Namun, bagi kawan-kawannya, sosok Gus Dur sebagai “ad-dakhil” alias pendobrak. Sesuai namanya, Abdurrahman Ad-Dakhil, Gus Dur memang “mendobrak” mainstream konservatif kalangan muslim Indonesia melalui berbagai kebijakkan, tulisan dan pernyataannya.

Jika Cak Nur dianggap sebagai tokoh yang mengenalkan Islam ke kalangan masyarakat perkotaan, maka Gus Dur dianggap sebagai tokoh yang mengenalkan jargon “Mempribumikan Islam dan Meng-Islamkan Pribumi”.

Sementara untuk kalangan umat NU, Gus Dur dianggap lebih dari sekedar manusia biasa. Semasa hidup, Gus Dur dipandang sebagai sosok manusia luar biasa, sosok seorang “Wali Allah”. Tak heran jika berbagai pernyataan kontroversialnya sering di-amin-kan oleh kalangan Nahdhiyin. Mereka memandangnya sebagai wujud dari “sak durunge winarah”, salah satu kecirian seorang wali yang bisa mengetahui sesuatu sebelum terjadi.

Bagi bangsa Indonesia, terutama kalangan minoritas, Gus Dur dilantik secara tak resmi sebagai guru bangsa. Pun ketika “naik pangkat” menjadi Presiden, banyak kalangan justru menganggap Gus Dur sejatinya “turun pangkat”. Istilahnya “Semar Dadi Ratu”. Gus Dur seakan sudi untuk “disangkar emaskan”. Sementara Semar tak cocok menjadi Ratu. Semar melebihi seorang Ratu. Demikian pula dengan Gus Dur.

Buktinya, saat Gus Dur lengser dari kursi kepresidenan, dia keluar hanya memakai celana pendek dan memakai kaos oblong. Beliau melambaikan tangan ke pada para wartawan, bukankah ini sebuah misteri.

Istana Negara yang dulunya tertutup dan hanya bisa dimasuki orang yang berpakaian jas, Gus Dur hadir dan mengubah formalisasi di dalam istana tersebut. Gus Dur mengembalikkan Istana Negara kepada rakyat.

Siapapun bisa memasukinya, bahkan hanya dengan memakai sandal jepit dan bajo kaos oblong. Bukankah hal ini juga menjadi misteri bagi bangsa ini sebab pasca lengsernya Gus Dur, Istana Negara kembali menjadi menjadi milik kaum elite.

Gus Dur juga penggagas pertama pengadilan Soeharto. Menurutnya hartanya disita lalu dimaafkan. Dia juga dikenal sebagai kiai yang humoris yang kadang membuat pidato persiden menjadi pidato yang jenaka.

Untuk kalangan minoritas sosoknya demikian dikenang dan dihormati.
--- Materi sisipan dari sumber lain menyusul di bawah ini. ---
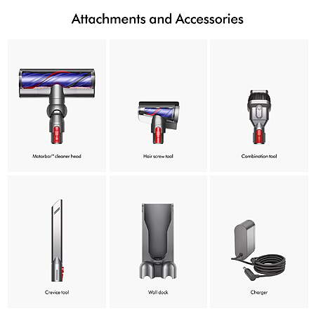 | Product Description: | Some cordless vacuums sacrifice suction for lightness. The Dyson V9 Motorbar™ cordless vacuum delivers the powerful performance you’d expect from a Dyson, yet it’s 33% lighter than the Dyson V15™ vacuum. With up to 40 minutes of fade-free suction, it is pioneering Dyson technology concentrated for deep cleaning.¹ It has advanced, whole-machine filtration that captures pet allergens and fine dust and expels cleaner air.² The Motorbar™ cleaner head de-tangles wrapped hair as you vacuum. The innovative Hair screw tool with a conical brush bar is perfect for cleaning upholstery and pet beds. Thanks to the cordless format, it also transforms into a handheld vacuum with one click so you can clean up high, down low, and everywhere in between. Comes with a 2-year warranty and lifetime Dyson support. ¹In Eco mode. Actual run time may vary based on power mode, floor type and/or attachments used. ²In Boost mode. All other modes achieve at least 99.97% filtration. In the box: Motorbarᵀᴹ cleaner head, Combination tool, Crevice tool, Hair screw tool, Wall dock, Charger. The ideal balance of power and weight. With up to 40 minutes of fade-free Dyson suction.¹ Motorbarᵀᴹ cleaner head deep cleans all floor types and de-tangles hair as you clean. Hair screw tool sucks up long hair and pet hair. Fast. Its anti-tangle conical brush bar removes long hair and pet hair from pet beds, car seats, stairs, and more. LCD screen shows power modes, remaining run time, and maintenance alerts. Converts to a handheld vacuum for cleaning cars, stairs, and upholstery. Comes with 4 Dyson-engineered accessories to clean up high, down low, and everywhere in between. Advanced whole-machine filtration traps 99.99% of particles as small as 0.3 microns.² Expels cleaner air. Made from strong materials selected for their durability and lightweight properties. |

Kalangan Tionghoa memberinya gelar “Bapak Tionghoa Indonesia”. Bukan tanpa alasan, Gus Dur-lah yang menghilangkan diskriminasi terhadap etnis yang menyudutkan mereka.

Gus Dur juga dinilai layak menyandang gelar “Bapak Demokrasi Indonesia”. Pada era kepemimpinannya, Gus Dur membubarkan Bakortranas–lembaga ekstra yudisial penerus Kopkamtib–yang memiliki kewenangan luas untuk menindas. Gus Dur pula, dengan kebesaran hatinya, meminta maaf kepada korban pembantaian PKI sekaligus mengusulkan untuk mencabut TAP MPRS No. 27/1966. Gus Dur juga membuka ruang dialog antar (umat) agama. Ia ingin setiap orang diperlakukan setara dalam hukum, tanpa membeda-bedakan warna kulit, etnis, agama atau ideologi.

Begitu juga saat Gus Dur mengungkapkan gagasan, caci maki muncul. Namun, dia tetap bersikeras dan tak pernah mudur selangkah pun. Tetapi seiring berjalannya waktu orang baru sadar apa yang dikatakannya adalah benar adanya.
Misalnya, ketika dia berurusan dengan DPR. Kala itu Gus Dur sebagai presiden dengan gagah berani menghadiri undangan hak interpelasi DPR. Mungkin hanya Gus Dur (satu-satunya) presiden yang berani menghadapi dewan secara langsung tanpa takut.

Dalam pidato jawabannya di hadapan wakil rakyat, Gus Dur dengan lantang menyebut DPR seperti taman kanak-kanak. Hal itu kontan memancing banyak reaksi. Ada yang marah, ada yang menilai dia gila dan asal berbicara. Intinya kala itu pendapatnya disalahkan, walau mungkin banyak yang membenarkan.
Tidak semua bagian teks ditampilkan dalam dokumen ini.